The N‐terminal, extracellular domain has a putative signal sequence that is most likely cleaved after Ser32 (Von Heijne, 1983), and is further characterized by a tandem array of three leucine‐rich motifs (amino acids 158–228; all amino acid positions refer to the Ltrk sequence, unless otherwise stated) flanked by two cysteine clusters (amino acids 121–157 and 229–282), a specific combination of sequence motifs that is found exclusively in vertebrate Trk receptors. Interestingly, two immunoglobulin‐like domains that are found further downstream in the extracellular domains of all Trk receptors are lacking in Ltrk. In the corresponding region, Ltrk has some sequence identity with the C‐terminal half of the second immunoglobulin domain of TrkC (FNGQV), and the sequence immediately downstream of it (GQANQT) (Figure 2E), suggesting the previous existence of at least one immunoglobulin‐like domain at some earlier time during evolution. Another unique feature of the Ltrk extracellular domain is that the predicted translation product from the first in‐frame ATG in favourable Kozak consensus (Kozak, 1987) has an N‐terminal extension of ∼100 amino acids, when compared with other Trk sequences (Figure 2A). This 89 kDa product is the major one obtained in in vitro transcription/translation from an Ltrk plasmid (Figure 2F), demonstrating that the Met1 codon can be efficiently recognized by ribosomes as a translation initiation site. However, a minor product corresponding to a shorter protein (78 kDa) was also detected (Figure 2F), suggesting that Met105 can also be used to translate a protein that lacks the N‐terminal extension.

The cytoplasmic domain encompasses the TK domain of the receptor and contains a typical autophosphorylation site (DVYTTDYYR; amino acids 271–279) that characterizes most RTKs. Autophosphorylation of the second Tyr residue within this sequence (Tyr277) initiates intracellular signalling of mammalian Trk receptors. The cytoplasmic domain of Ltrk contains several amino acids and sequence motifs that are found in Trk receptors only. For example, Thr650, Trp691, Leu770 and Met772 are unique to Trk receptors, and replaced with Ala, Tyr, Pro and Phe, respectively, in most other RTKs. Also the sequences HGPDA (amino acids 599–603) and YIDIIA (amino acids 789–794; YLDILG in most Trk receptors) are Trk receptor‐specific. None of the above amino acids or sequence motifs are found at corresponding positions in non‐Trk RTKs, including Dtrk (Pulido et al., 1992), Dror (Wilson et al., 1993) and Dnrk (Oishi et al., 1997), with the exception of Thr650 in Dtrk and Dnrk, and Trp691 in Dnrk.

Phylogenetic relationships of Ltrk and related RTKs

From a sequence alignment of the TK domains of Ltrk, Dtrk (Pulido et al., 1992), Dror (Wilson et al., 1993), Dnrk (Oishi et al., 1997), rat TrkA, (Meakin et al., 1992), rat TrkB (Middlemas et al., 1991) and rat TrkC (Merlio et al., 1992) (amino acid residues 510–779 in Ltrk, and the corresponding parts of the other receptors), a phylogenetic tree was calculated using the Dayhoff PAM maximum likelihood method. This tree (Figure 2G) demonstrates that, in contrast to the Drosophila RTKs, Ltrk is clearly sequence‐related to the vertebrate Trk family of receptors. Bootstrap analysis shows that the assignment of Ltrk to the vertebrate Trk receptor clade is supported with 100% confidence. These findings strongly suggest that Ltrk and its vertebrate counterparts evolved from a common ancestral Trk‐like receptor.

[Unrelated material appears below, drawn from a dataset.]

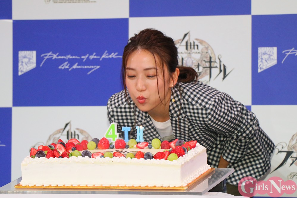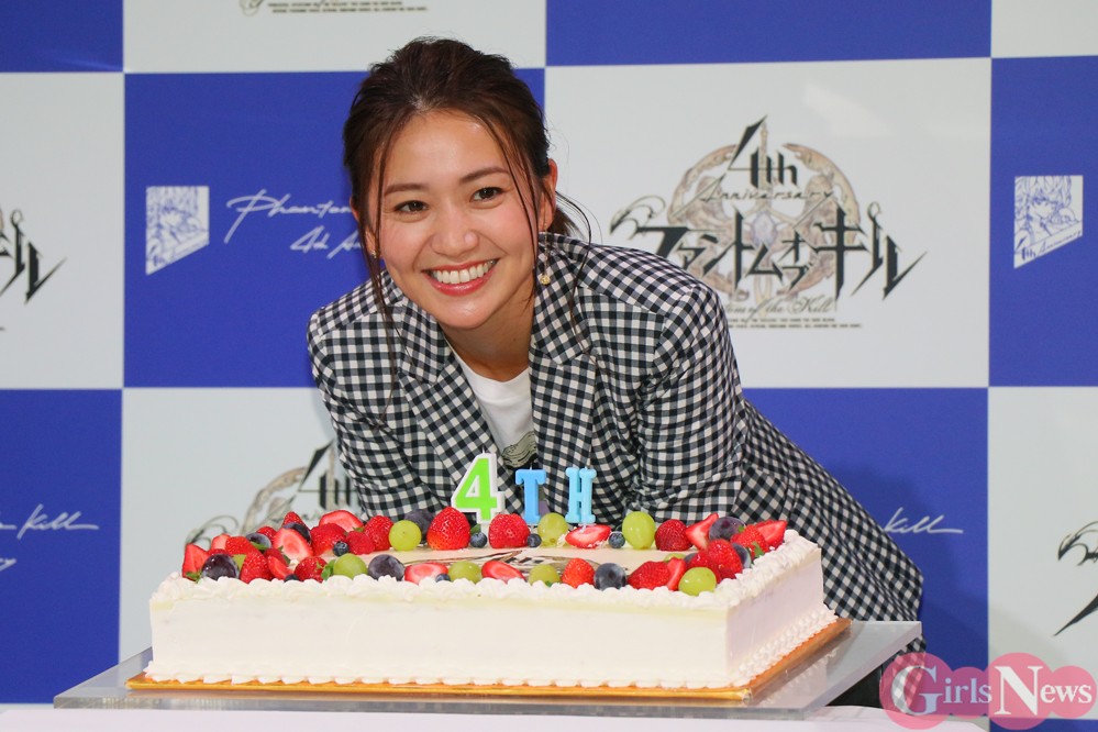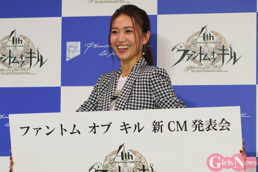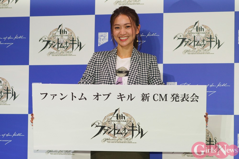 女優の大島優子さんが 8日、都内で行われた人気RPGゲームアプリ『ファントム オブ キル』の4周年を記念する新CM発表会に出席した。

Expression of Ltrk mRNA in developing and adult Lymnaea

To establish the expression profile of Ltrk in adult Lymnaea, we performed RNase protection assays (RPAs) of various tissues, as well as in situ hybridizations on sections of the CNS. RPA analysis revealed that the expression of Ltrk is confined to the CNS and its associated tissue (Figure 3A). In situ hybridizations revealed that Ltrk mRNA is primarily expressed in the centrally located, non‐neuronal, endocrine dorsal bodies, which are located on top of the cerebral ganglia (Figure 3B). In addition, various neurons express Ltrk mRNA, although at a lower level. These neurons are primarily located in the right parietal and visceral ganglia, and include the neuro‐endocrine yellow cells (Figure 3B and C).

Figure 3.

Ltrk expression profile in the adult snail. (A) RNase protection assay of various tissues from adult Lymnaea (shell height: 25 mm) using a 200 base pair Ltrk fragment as a probe. A 120 base pair fructose 1,6‐biphosphate aldolase fragment (Lald) was used as a positive control. Only in the CNS was the Ltrk fragment protected from degradation by RNase A, indicating the presence of Ltrk transcripts. (B–D) In situ hybridization of adult brain sections using full‐length antisense Ltrk cRNA as a probe. A strong hybridization signal is observed in the dorsal bodies (arrows in B), and a much weaker signal is present in neurons in the visceral and the right parietal ganglia (arrows in C), and in some neurons that are located within the intestinal nerve (arrow in D). This localization pattern is characteristic for the neuro‐endocrine yellow cells. LCG, left cerebral ganglion; VG, visceral ganglion; RPG, right parietal ganglion; IN, intestinal nerve.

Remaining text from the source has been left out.